2023-11-02 08:10:15,509 INFO [Thread-31] (CleanupCFOProtectionStoppedVMsTask:179) |taskId=410053f1-7957-11ee-ae35-005056891e25|4-Hours-Domain02| Cleaning up RVM for protection stopped VM. pvmId=542a0901-7259-11ed-951c-005056907ae3, vm=DCWS1004
2023-11-02 08:10:25,276 DEBUG [Thread-73] (TopologyCollectionTask:4823) Removing objects: VirtualMachine:vm-4450
2023-11-02 08:10:25,278 DEBUG [Thread-73] (TopologyCollectionTask:4940) Removed vm object: VmKey [vmUuid=50099923-51d7-3446-4544-9f6945874b16, vcenterUuid=738adc85-10b9-49cd-a349-6babb0042823]
2023-11-02 08:10:25,697 INFO [Thread-54] (TopologyCollectionTask:1809) Removing VM from cache. vmName=jss-rvm-DCWS1004-1464
2023-11-02 08:10:25,700 DEBUG [Thread-54] (TopologyCollectionTask:1667) Removing the VM from Host->VM cache. VmKey [vmUuid=50099923-51d7-3446-4544-9f6945874b16, vcenterUuid=738adc85-10b9-49cd-a349-6babb0042823]
2023-11-02 08:10:30,361 DEBUG [Thread-31] (CleanupCFOProtectionStoppedVMsTask:231) |taskId=410053f1-7957-11ee-ae35-005056891e25|4-Hours-Domain02| Stopping recovery on ROCVA. rocvaIp=10.245.24.246
2023-11-02 08:10:30,925 INFO [Thread-31] (CleanupCFOProtectionStoppedVMsTask:253) |taskId=410053f1-7957-11ee-ae35-005056891e25|4-Hours-Domain02| Task cleanup for CleanupCFOProtectionStoppedVMsTask
2023-11-02 08:10:34,300 DEBUG [Thread-24] (ResolveRecoveryIssueTask:202) |4c387d62-7957-11ee-ae35-005056891e25|4-Hours-Domain02|initial| Initialize ResolveRecoveryIssueTask
2023-11-02 08:10:34,303 DEBUG [Thread-24] (ResolveRecoveryIssueTask:211) |4c387d62-7957-11ee-ae35-005056891e25|4-Hours-Domain02|initial| ResolveRecoveryIssueTask is ready now.

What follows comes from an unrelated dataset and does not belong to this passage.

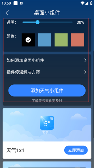 4、完成样式设置后,点击【添加天气小组件】按钮,即可将天气小组件添加至手机桌面,也可通过“如何添加桌面小组件”选项了解添加方法。
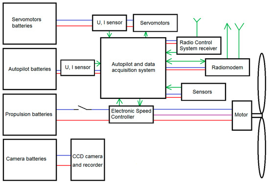 The propulsion system was not the only electric device onboard the demonstrator. It was also equipped with a radio control system (RCS), autopilot and data acquisition system (ADAS), Radiomodem, and charge-coupled device (CCD) Camera. The whole electric/electronic system architecture is presented in Figure 5. Each of the vital systems of the demonstrator was supplied from a separate power source because previous experience shows that a supply from separate sources is important for the safety and accuracy of recorded measurements.

Upon resuming recovery, the MSA log reports:
2023-11-02 08:14:06,000 INFO [Thread-23] (ResolveRecoveryIssueTask:265) |4c387d62-7957-11ee-ae35-005056891e25|4-Hours-Domain02|checkAndResolveRocvaIssue| Recovery status is already running. No action needed. status=RUNNING
Solution
- Resolve any underlying network issues, then re-check the status of the domain.
- Perform a hard reboot of the DRVA VM associated with the CFO domain experiencing problems.
- If the problem persists, reboot the RocVA VM associated with the CFO domain experiencing problems.